Looping Through Content in a SharePoint 2013 Site Workflow – Part 1 – Introduction

As with most things SharePoint, this seems like it should be easier. What I was trying to do seemed like a common requirement: get some data from lists in SharePoint subsites and loop through it, taking some actions on each item that meets some criteria. This post is not for the faint of heart, the new-to-workflow initiate, or the person-without-a-lot-of-permissions. We’re reaching into Office 365’s workflow guts a bit here.

In my current case, I want to check a specific list in a bunch of subsites for new items and send an email about each.

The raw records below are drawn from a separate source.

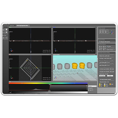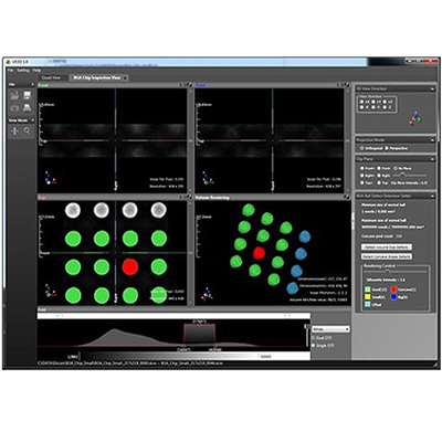 VXEI is an electronic chip inspection module based on 3D CT X-ray imaging data, which can act as VX3D's add-on module or as stand-alone software. Based on the ball shape, location, and volume information, VXEI is able to detect defects, including open solder joints, solder bridges, and abnormal solder balls (big, small, or head-in-pillow shapes).
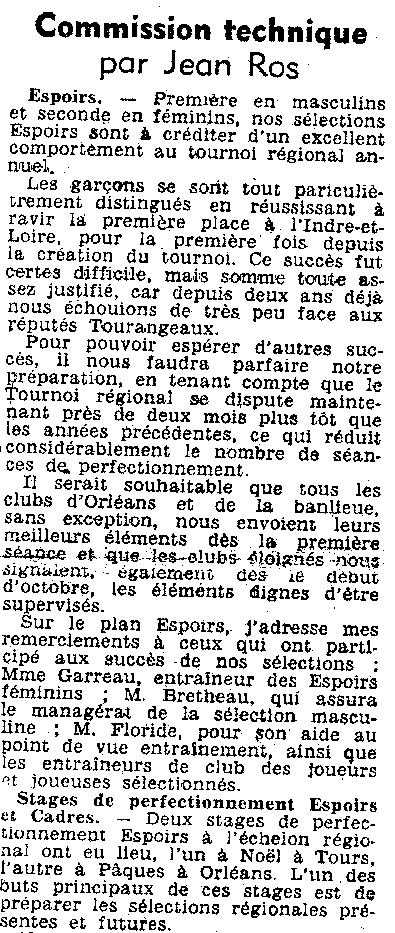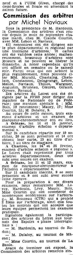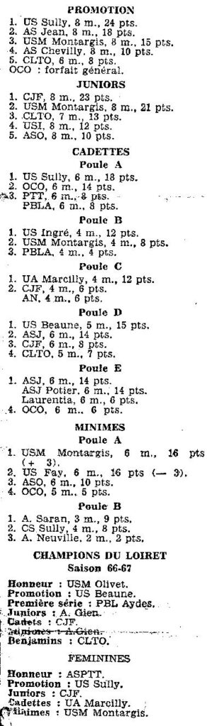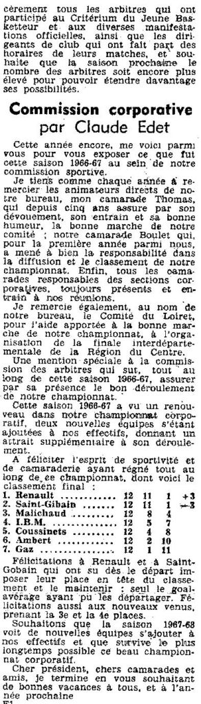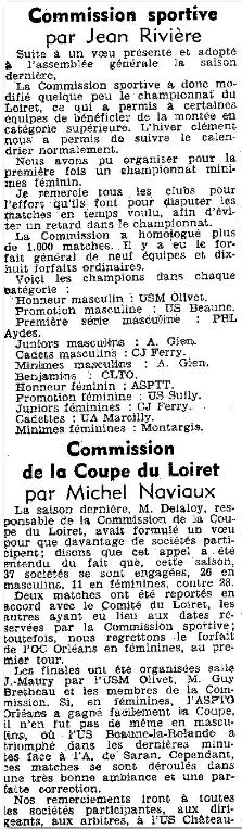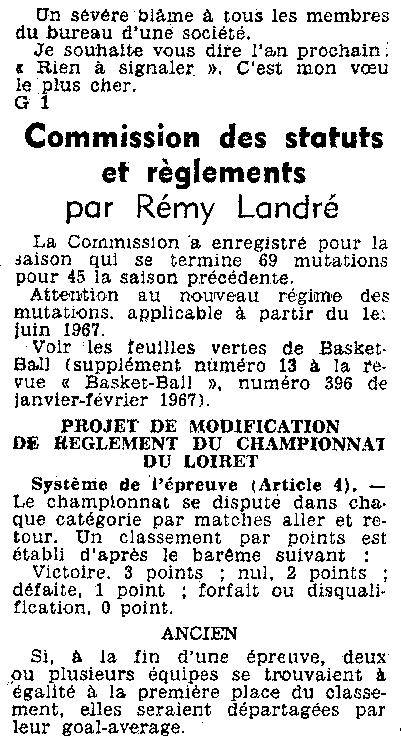 Saison 1966-1967 : Assemblée Générale du Comité du Loiret de Basket-Ball, Rapport des Commissions
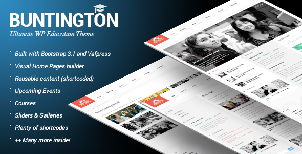 Buntington – school – university – education WP theme. Ultimate and plugin-less solution for any type of school, education or a non-profit organization. It was built with Bootstrap (3.1) and Vafpress framework which guarantees great user and further development/customization experience.
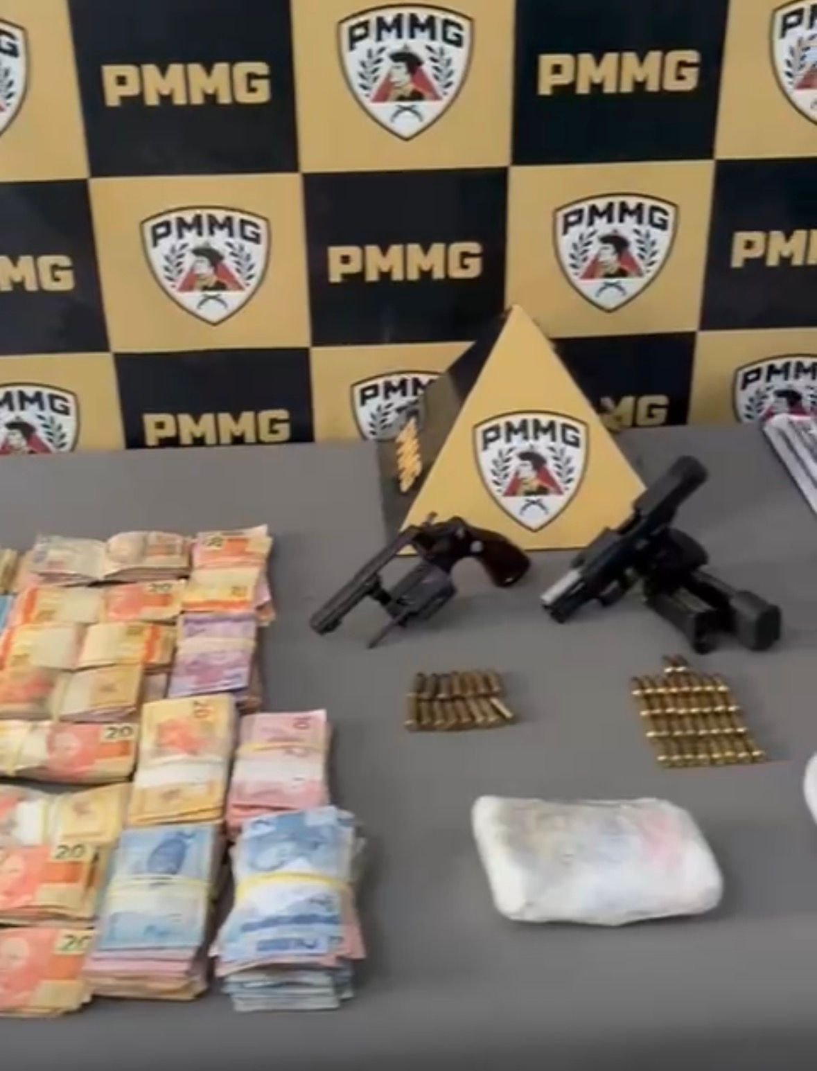 Também foram localizadas duas armas de fogo, sendo um revólver calibre .38 e uma pistola calibre 9mm, acompanhadas de munições e carregadores.

I don’t want to create a separate List Workflow that sits in each of the lists because it would be an administrative nightmare to change the workflow down the road (we have over a dozen subsites, and the number will grow). Instead, I’m creating one central SharePoint 2013 Site Workflow that finds all the subsites, finds the list in each subsite (if it exists), and iterates through the items created since the last time the workflow ran. We’ll set this workflow to run every x minutes (probably once an hour).

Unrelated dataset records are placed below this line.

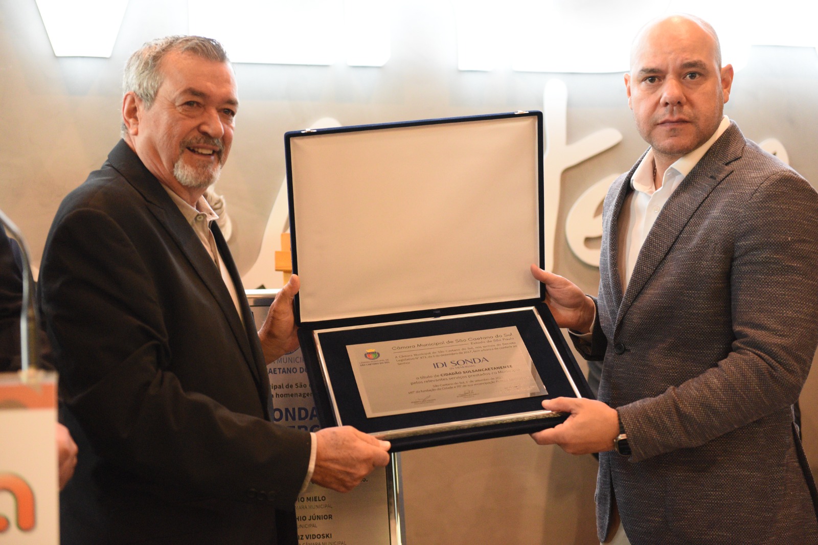 "O Sonda atende e supera as expectativas dos consumidores. É uma satisfação enorme ter sido o autor da propositura que concedeu o título de cidadão para o senhor Idi Sonda. Tenho muito orgulho em entregar essa honraria para a família na inauguração de mais essa unidade", frisou Mauricio Fernandes, ao ressaltar que a companhia é uma das maiores varejistas do País.
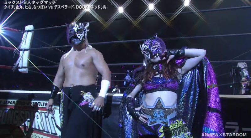 It’s not often we see factions in NJPW fight each other, but that is the case as Suzuki-gun meet in eight man tag team action – with handpicked Stardom partners. Taichi & Yoshinobu Kanemaru had their eyes on MelTear, the duo of Natsupoi & Tam Nakano – who came together after a vicious singles feud built mutual respect. Meanwhile, El Desperado & DOUKI were an instant match with the dark hearted Starlight Kid & Momo Watanabe, better known as Black Desire.
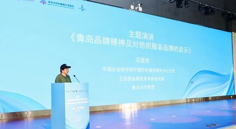 大会邀请到了中国社会科学院中国特色城市研究中心主任、工信部品牌培育专家组专家冯国荣教授为大会作主题分享《青岛品牌精神及对纺织服装品牌的启示》,重点分享了青岛建设品牌之都至今在推动品牌城市建设和重点品牌打造方面的一些历史事件和对经验的总结。
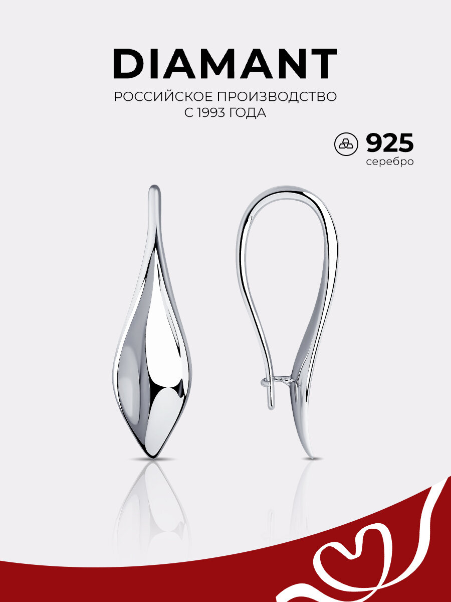 Серьги из золочёного серебра Diamant online Я821062п-к с янтарём, Серебро золочение 925°
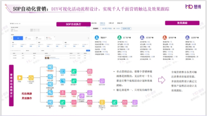 例如,基于慧博云千載MA(營銷畫布),通過DIY可視化活動流程設(shè)計,實現(xiàn)千人千面營銷觸達(dá)及效果跟蹤。
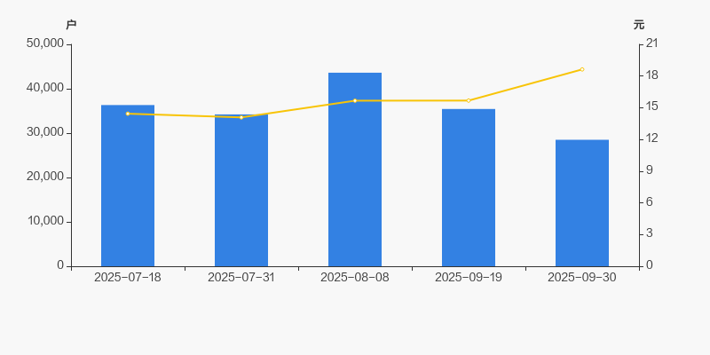 2025年7月18日至今,公司股东户数显著下降,区间跌幅为21.54%。2025年7月18日至2025年9月30日区间股价上涨29.02%。
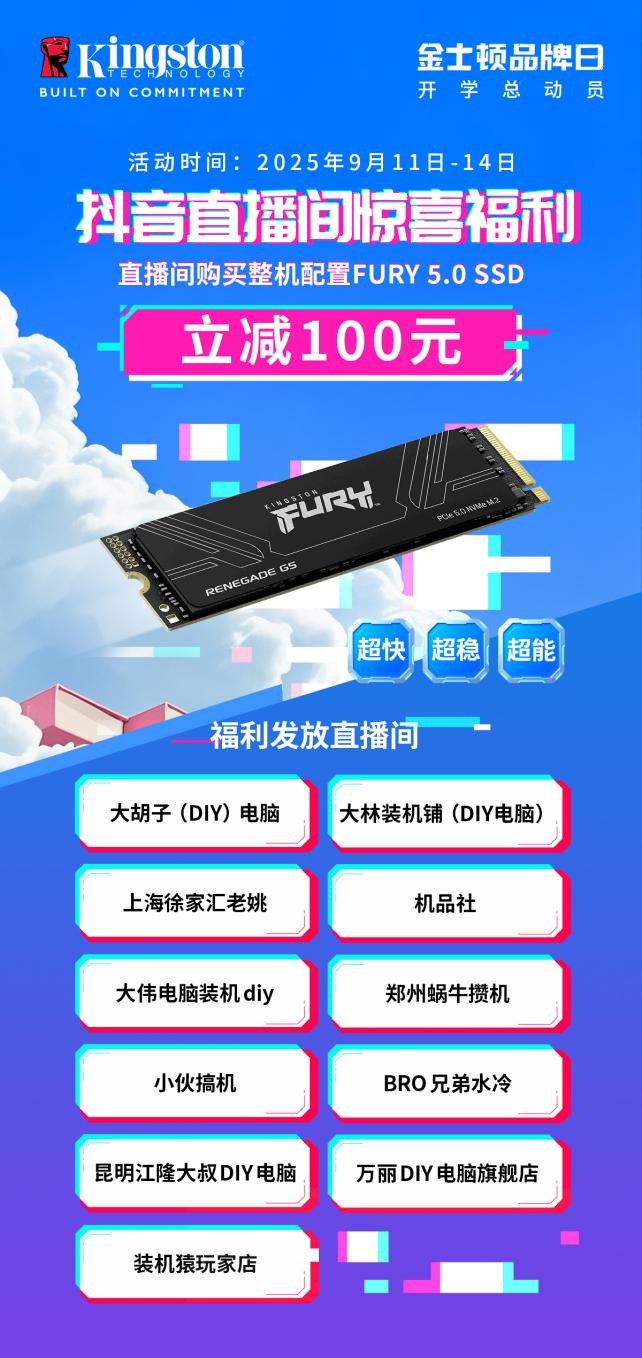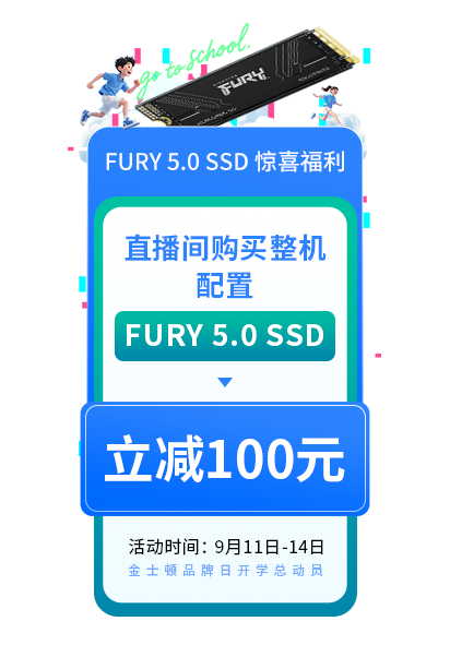 所以,聪明的用户当然知道把握时机,在金士顿品牌日开学总动员活动期间,通过抖音直播间购买整机配置时,KingstonFURY叛逆者(Renegade)G5PCIe5.0 NVMe固态硬盘已然成为必选项,毕竟立减100元的实惠确实香!

Yes, you could do this with “code” or Powershell, but that takes it out of the hands of the Site Admin who might want to change things down the road. By using a workflow, we can give them some control over things like the text of the emails without making them learn how to code to change them.

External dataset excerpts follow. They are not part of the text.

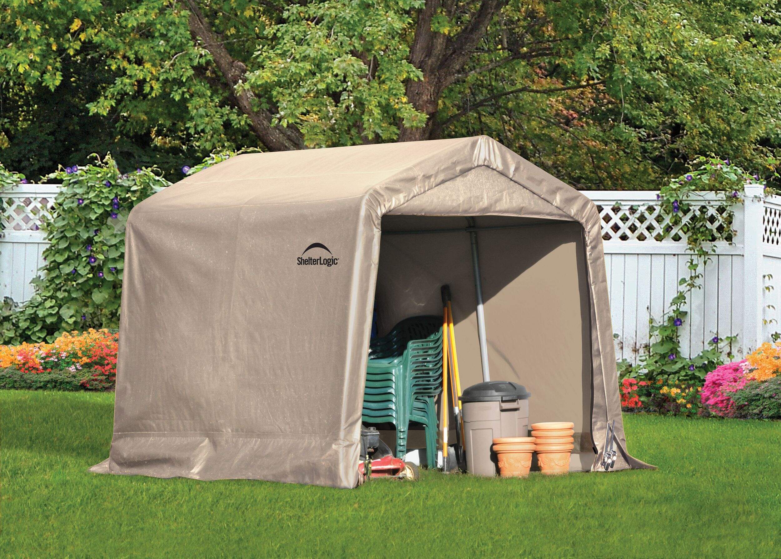 The 8 ft. x 8 ft. x 7 ft. or 2.4 x 2.4 x 2.1 m Shed-in-a-Box is designed for easy set-up, portability and value
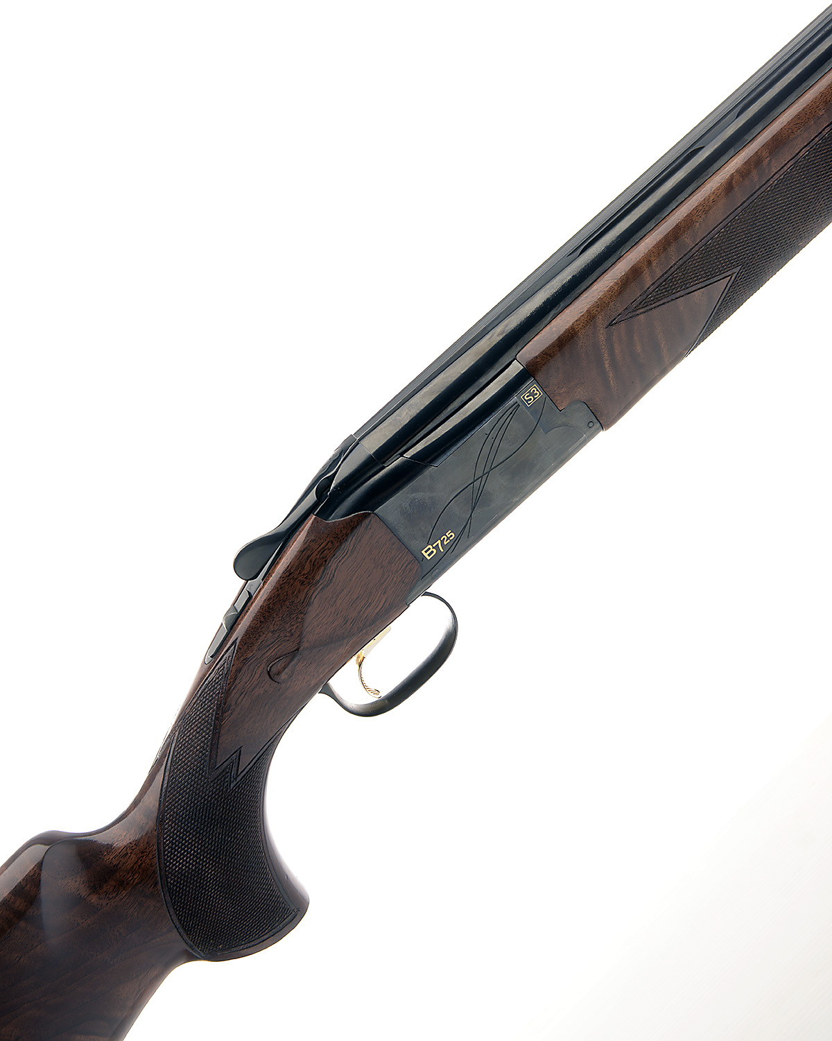 THE STOCK, ACTION AND FOR-END ONLY OF A BROWNING S.A. A 12-BORE (3IN.) 'B725 SPORTER S3' SINGLE-TRIGGER OVER AND UNDER EJECTOR, serial no. 59123ZX, extended Invector DS multichokes (with spares), hold-open toplever, automatic safety with integral barrel-selector switch, adjustable gold-washed trigger (with two spares), blacked action with geometric designs and gold-inlaid with the model designation, 15 1/4in. figured pistolgrip stock with palm swell and including 7/8in. rubber recoil pad, weight 8lb. 1oz (including barrels), in its universal case with paperwork
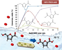 The catalytic activity of a simple Au/Al2O3 catalytic system prepared by the direct anionic exchange (DAE) method was evaluated in the selective 5-hydroxymethylfurfural (HMF) oxidation under mild conditions, using molecular oxygen as the oxidant. The influence of the HMF/NaOH ratio and reaction time on product yield and distribution were studied and discussed in detail. Extremely high activity and selectivity were observed in mild conditions, with 99% of 2,5-furandicarboxylic acid (FDCA) production at full HMF conversion after 4 h with the use of only 4 equivalents of NaOH at 70 degrees C. Catalyst viability and stability were verified by repeating the cycle up to five times. Changes in the nature of the support were also contemplated by introducing some ceria fraction, i.e. 20 wt%.
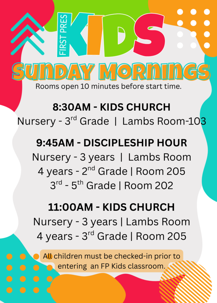 If you are new to First Pres, please complete our FP Kids and Youth Registration Form.

On Office 365 in SharePoint Online, this feels a LOT trickier than it may have been in the past because of the complexity (nay, swamp) of authorization we must navigate. I expect that similar authentication issues may apply on premises, too, but Office 365 is more of a moving target.

In this series of articles, I’ll show you the steps I went through and let you know where I got stuck, waylaid, and confused. As always, I believe that only one of us should have to suffer through this stuff so that everyone else can avoid it.

This isn’t totally new ground; there are many posts out there that cover bits and pieces of this, and I’ll provide the links I found helpful and give credit where credit is due. I didn’t find anything that showed me how it all help together, though, thus this post.

Thanks right off the bat to Matt Bramer (@ionline247) and Fabian Williams (@fabianwilliams) for getting me up and rolling when I first start whinging about this.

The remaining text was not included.